25. The genetically modified host cell of claim 1 further comprising one or more nucleic acids expressing PPTASE and ACAR.

26. The genetically modified host cell of claim 25, wherein the PPTASE gene product comprises an amino acid sequence at least 80, 85, 90, 95, 99, or 100% identical to the PPTASE amino acid sequence encoded by nucleotides 1618-825 of SEQ ID NO: 6, nucleotides 7070-5883 of SEQ ID NO: 14, or nucleotides 5883-7070 of SEQ ID NO: 19.

27. The genetically modified host cell of claim 1 further comprising one or more nucleic acids expressing UDP-glycosyltransferase (UGT).

28. The genetically modified host cell of claim 27, wherein the UGT gene product comprises an amino acid sequence at least 80, 85, 90, 95, 99, or 100% identical to the UGT amino acid sequence encoded by nucleotides 2214-769 and 2907-4352 of SEQ ID NO:10.

29. The genetically modified host cell of claim 1 further comprising one or more nucleic acids expressing Arabidopsis thaliana UGT.

30. The genetically modified host cell of claim 1, wherein SHM2, SAH1, MET6, and MET13 or the chimeric MET13 are each expressed from a GAL promoter, and wherein a GAL80 gene is expressed from a MAL promoter.

31. The genetically modified host cell of claim 1, wherein the yeast host cell is Saccharomyces cerevisiae.

32. The genetically modified host cell of claim 1, wherein SAH1 encodes an amino acid sequence at least 80, 85, 90, 95, 99, or 100% identical to the Sah1 amino acid sequence encoded by nucleotides 2094-554 of SEQ ID NO:8.

33. The genetically modified host cell of claim 1, wherein MET6 encodes an amino acid sequence at least 80, 85, 90, 95, 99, or 100% identical to the Met6 amino acid sequence encoded by nucleotides 2787-5302 of SEQ ID NO:8 or nucleotides 3249-5764 of SEQ ID NO:14.

34. The genetically modified host cell of claim 1, wherein SHM2 encodes an amino acid sequence at least 80, 85, 90, 95, 99, or 100% identical to the Shm2 amino acid sequence encoded by nucleotides 9381-10975 of SEQ ID NO:14.

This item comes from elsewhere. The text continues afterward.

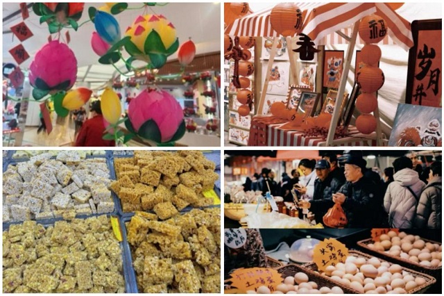 年味,更是唇齿间的鲜香滋味,是代代相传的家乡味道。南京六合的年味,在颜璟的笔下满是市井烟火与团圆期盼:商场里骏马卡通与金元宝气模相映成趣,花灯、灯笼、福字挂饰将新春氛围拉满,春联窗花琳琅满目,马年生肖贴画点亮街巷。而腊肠、腊肉、咸鸭在暖阳下泛着油润光泽,浓郁腊香融合着炒货、糖果的甜香,成为六合人团圆饭桌上不可或缺的家乡风味,更是刻在记忆里的年味底色。

35. The genetically modified host cell of claim 1, wherein MET12 encodes an amino acid sequence at least 80, 85, 90, 95, 99, or 100% identical to the Met12 amino acid sequence encoded by nucleotides 8688-6513 of SEQ ID NO:14.

36. The genetically modified host cell of claim 1, wherein MET13 encodes an amino acid sequence at least 80, 85, 90, 95, 99, or 100% identical to the Met13 amino acid sequence encoded by nucleotides 2556-554 of SEQ ID NO: 14, and the chimeric MET13 encodes an amino acid sequence at least 80, 85, 90, 95, 99, or 100% identical to the chimeric Met13 amino acid sequence encoded by nucleotides 554-2338 of SEQ ID NO:23.

37. The genetically modified host cell of claim 1 that produces at least a 5, 10, 15, or 20% increase in peak cumulative yield or productivity, or both, compared to a parent strain.

38. The genetically modified host cell of claim 37 that produces up to 7% increase in peak cumulative yield and up to 17% productivity, compared to a parent strain.

39. A method for producing vanillin or one or more glucovanillins comprising the steps:

(a) culturing a population of the host cells of claim 1 in a medium with a carbon source under conditions suitable for making vanillin or one or more glucovanillins to yield a culture broth; and

(b) recovering said vanillin or one or more glucovanillins from the culture broth.